Enter Justin Farmer — call him Mamdani Jr. — a proud member of the Democratic Socialists of America, endorsed by the national organization, now aiming for higher office in a state that can barely afford the politicians it already has.
Farmer isn’t coy about his politics. In a Jacobin interview — a self-described socialist magazine — he outlines support for defunding state police, divesting from prisons, ending cash bail, implementing a housing guarantee, and advancing a Green New Deal for Connecticut. He makes clear this isn’t about tweaking policy. It’s about a “revolutionary” transition — fundamentally restructuring how the state operates.
Revolutionary.
In Connecticut.
A state still recovering from years of fiscal self-inflicted wounds.
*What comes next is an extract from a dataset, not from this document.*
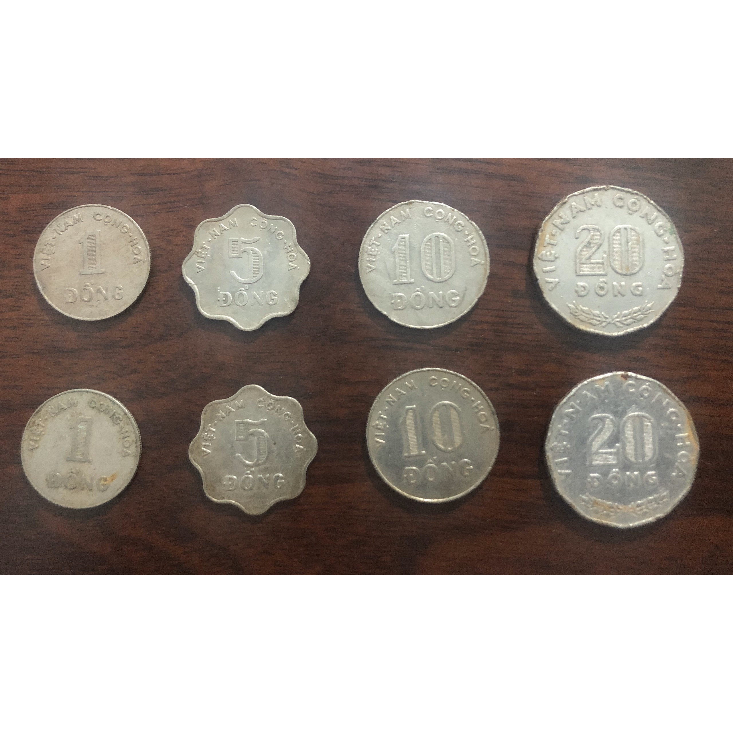 Thegioitien vn chuyên bán bộ tiền việt nam cộng hòa từ 1955 lần 1 1955 lần 2 1964 bộ tướng 1966 hoa văn 1969 bộ thú 1972. Ngoài mệnh giá 2 đồng được làm bằng chất liệu đồng thau các đồng tiền khác đều được làm bằng nhôm.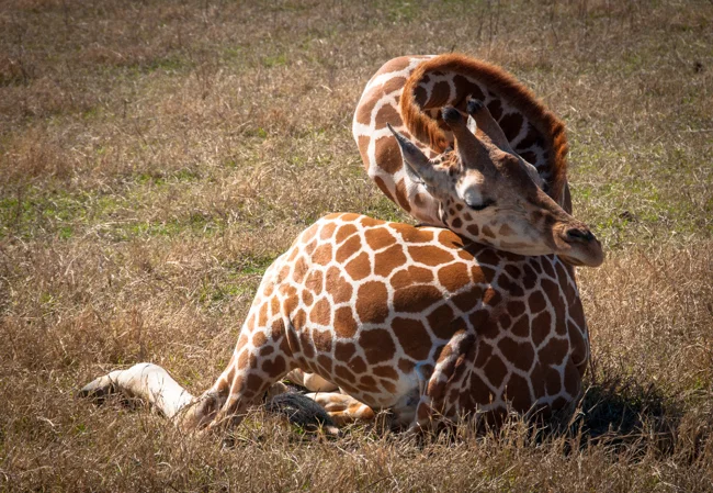 Одне з небагатьох місць, де жираф може поспати в принципі — це зоопарк. У неволі тварини почуваються в безпеці та сплять по 4-5 годин!

This isn’t the usual Connecticut liberalism — tax a little, regulate a little, call it a day. This is ideological restructuring. This is the belief that the system itself is illegitimate and must be remade.
Defund state police. Divest from prisons. End qualified immunity. Install elected civilian review boards with subpoena power. That’s not reform around the edges. That’s weakening core institutions in a state already struggling to maintain public confidence.
You can debate criminal justice policy. But pretending there are no trade-offs — that dismantling enforcement structures carries zero cost — isn’t reform. It’s unserious — and dangerously so.
Then there’s the housing “guarantee,” layered onto just-cause eviction laws and more government control of the rental market — in a state that can’t produce housing fast enough to meet demand.
Connecticut doesn’t lack apartments because we lack guarantees. We lack apartments because development is expensive, regulatory approval is slow, and risk is high. Increase risk further and you shrink supply. Shrink supply and you raise rents. Raise rents and then blame landlords.
This is how his ideology works: promise outcomes, pretend there’s no cost.
The Green New Deal for Connecticut is another crowd-pleaser. Connecticut already has some of the highest electricity rates in the country. Ratepayers absorb renewable mandates, public benefits charges, procurement schemes. The answer, apparently, is more mandates, more guarantees, more central planning.
Because nothing lowers costs like expanding the list of things government must provide.
And of course, higher taxes on wealthy individuals and businesses. Connecticut already depends heavily on a small number of high earners for income tax revenue. That concentration is precisely why fiscal guardrails were created — to prevent revenue spikes from turning into permanent spending binges.
High earners are not ornamental. They are mobile.
Connecticut has spent years trying to convince residents and employers it has rediscovered restraint. Guardrails were strengthened. Stability — fragile, but real — began to return.
Now comes a candidate who speaks casually about “revolutionary transitions” in a state that depends on bond ratings and investor confidence to function.
Mamdani Jr. may find that revolutionary rhetoric plays well in interviews.
It plays less well with fiscal reality.
Democratic socialism assumes government expansion is stabilizing and that there is always more money to take. Connecticut’s recent history suggests otherwise. We tried the “just spend it” model. We tried the “the rich will always pay” theory. We tried pretending long-term liabilities were someone else’s problem.
It nearly broke the state.
Connecticut doesn’t need a revolutionary transition.
It needs predictability. It needs growth. It needs taxpayers who stay and businesses that don’t quietly relocate.
New York can experiment with Mamdani-style politics if it wants.
Connecticut cannot afford Mamdani Jr.